Wed Jan 27 17:52:35 UTC 2016

On Wednesday, January 27, 2016 06:18:16 PM Wojciech Macek wrote:
> Hello,
> 
> I've encountered a very nasty race condition during debugging armv8 HWPMC.
> It seems that ULE scheduler can execute the same thread on two different
> CPUs at the same time...
> 
> Here is the scenario.
> The PMC driver must execute some of the code on the CPU0. To ensure that, a
> process migration is triggered as following:
> 
> 
> thread_lock(curthread);
> sched_bind(curthread, cpu);
> thread_unlock(curthread);
> 
> KASSERT(curthread->td_oncpu == cpu,
>  ("[pmc,%d] CPU not bound [cpu=%d, curr=%d]", __LINE__,
>  cpu, curthread->td_oncpu));
> 
> 
> That causes the context switch and (finally) execution of sched_switch()
> function.

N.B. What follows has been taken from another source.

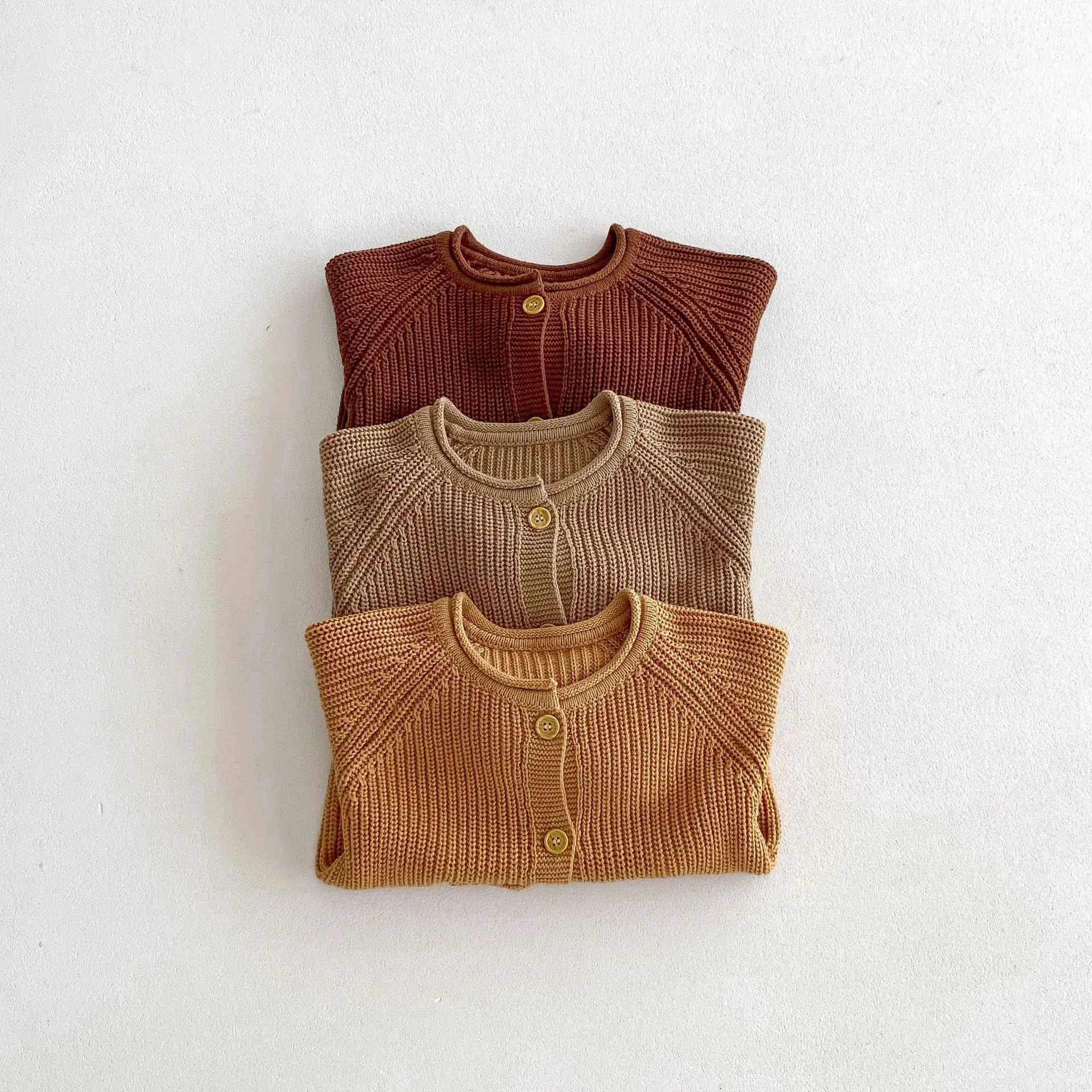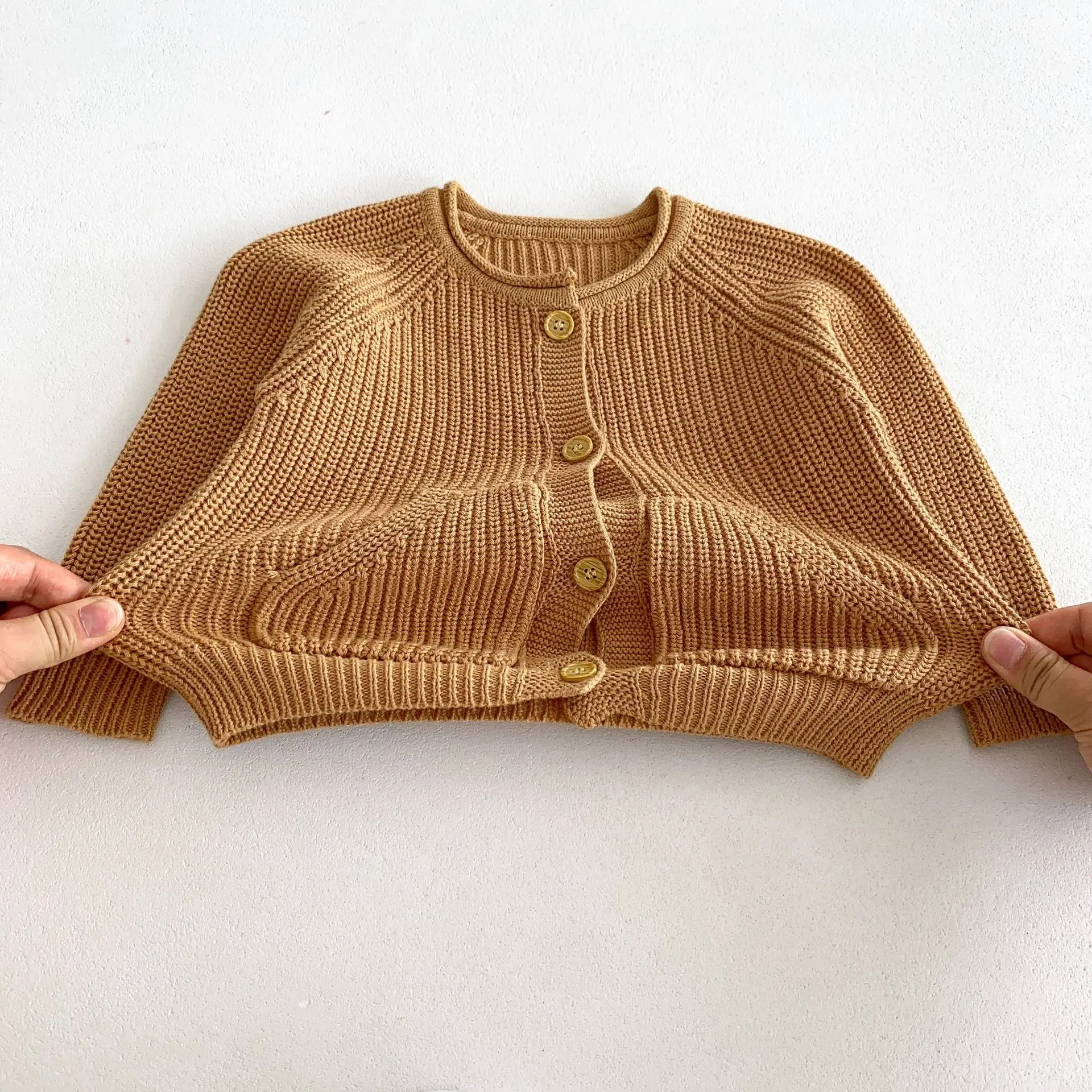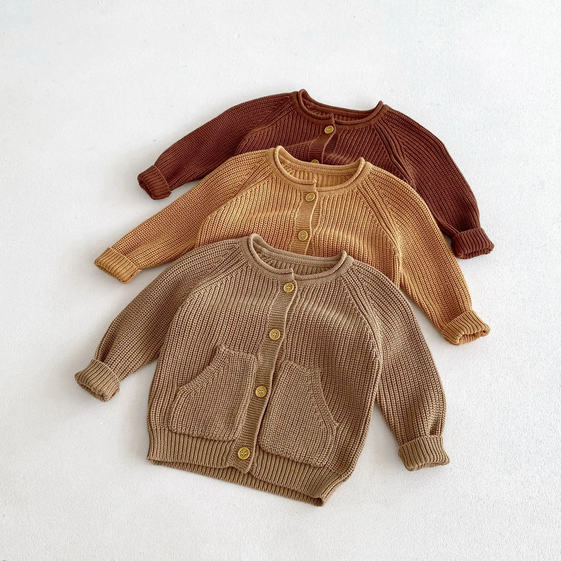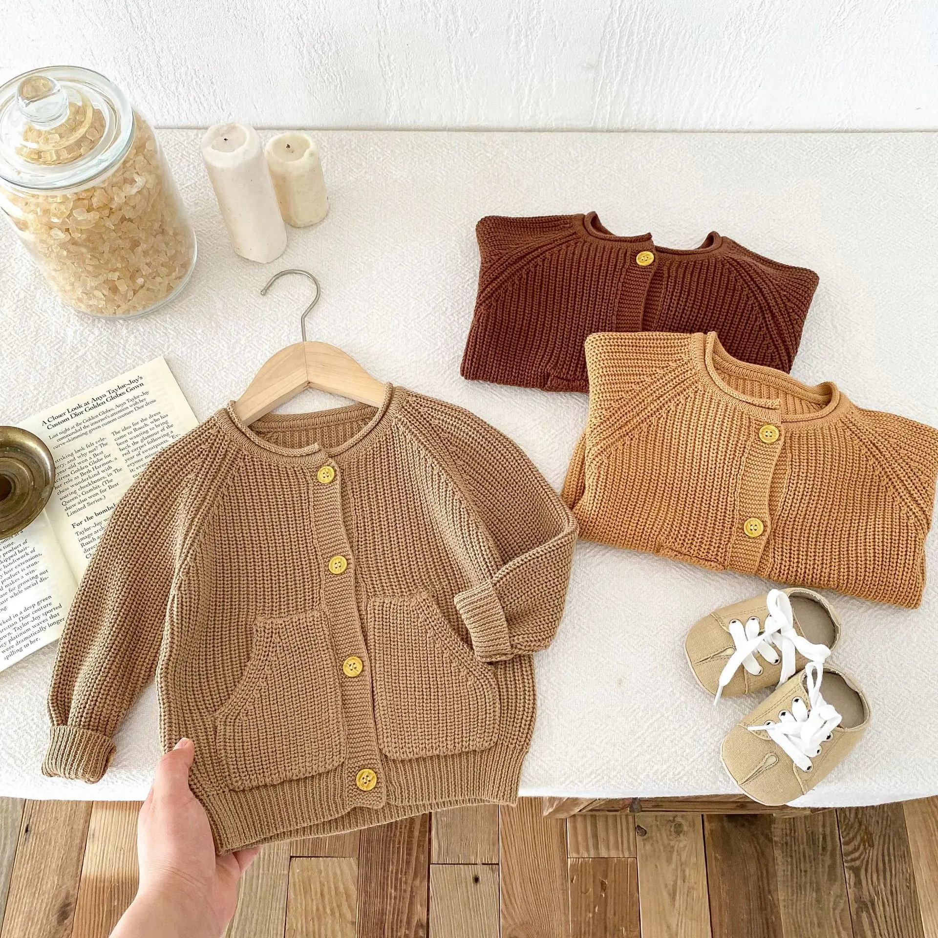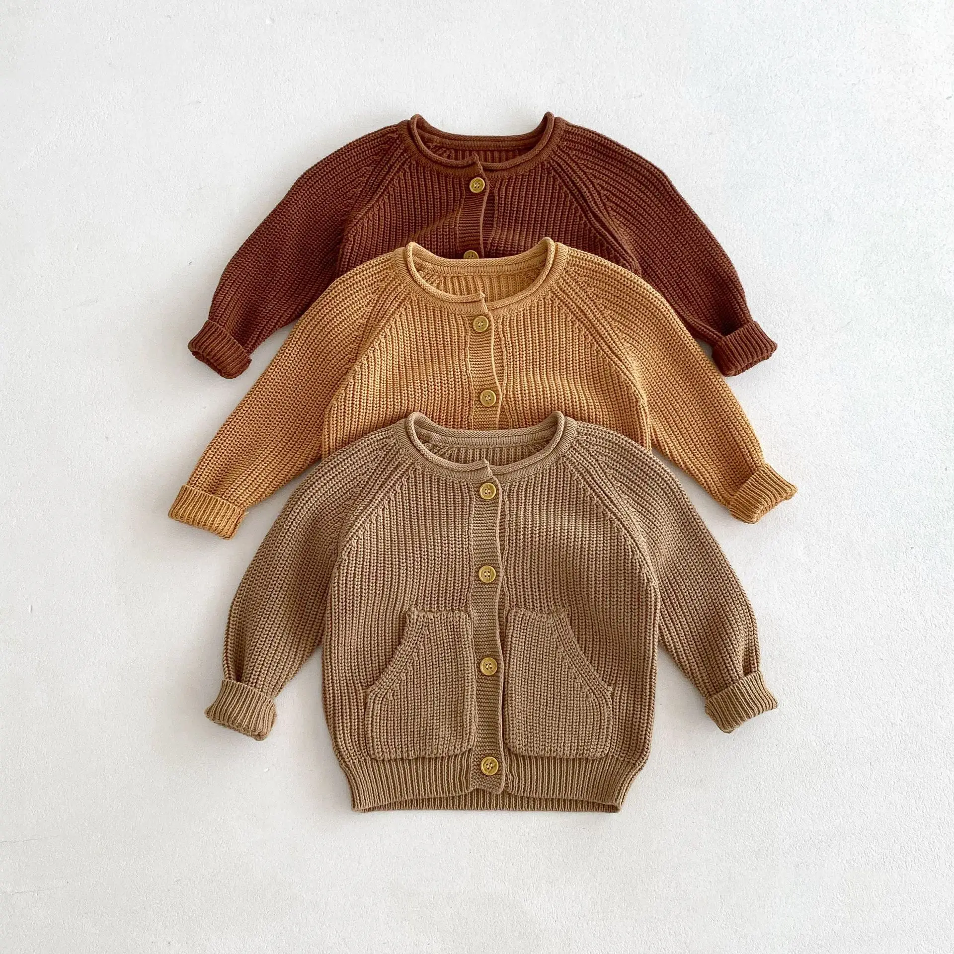 ポケット付きのキッズ用ニットカーディガンジャケットです。シンプルなデザインながらも、ヴィンテージ風の風合いが魅力。どんなスタイルにも合わせやすく、デイリーユースにぴったりです。柔らかい素材で着心地も良く、季節の変わり目にも活躍します。3つのカラーからお選びいただけるので、お子様のコーディネートに合わせてお楽しみいただけます。

The code correctly detects migration and calls
> sched_switch_migrate. That function is supposed to add current thread to
> the runqueue of another CPU ("tdn" variable). So it does:
> 
> tdq_lock_pair(tdn, tdq);
> tdq_add(tdn, td, flags);
> tdq_notify(tdn, td);
> TDQ_UNLOCK(tdn);
> spinlock_exit();
> 
> 
> But that sometimes is causing a crash, because the other CPU is staring to
> process mi_switch as soon as the IPI arrives (via tdq_notify) and the
> runqueue lock is released. The problem is, that the thread does not contain
> valid register set, because its context was not yet stored - that happens
> later in machine dependent cpu_switch function. In another words, the
> sched_switch run on the CPU we want the thread to migrate onto restores
> thread context before it was actually stored on another core - that causes
> setting regs/pc/lt to some junk data and crash.
> 
> 
> I'd like to discuss a possible solution for this. I think it would be
> reasonable to extend cpu_switch to be capable of releasing a lock as the
> last thing it does after storing everything into the PCB. We could then
> remove the "TDQ_UNLOCK(tdn);" from the sched_switch_migrate and be sure
> that in the situation of migration nobody is allowed to touch the target
> runqueue until the migrating process finishes storing its context.
> 
> But first I'd like to discuss some possible alternatives and maybe find
> another solution, because any change in this area will impact all supported
> architectures.

This belongs on hackers, not developers at .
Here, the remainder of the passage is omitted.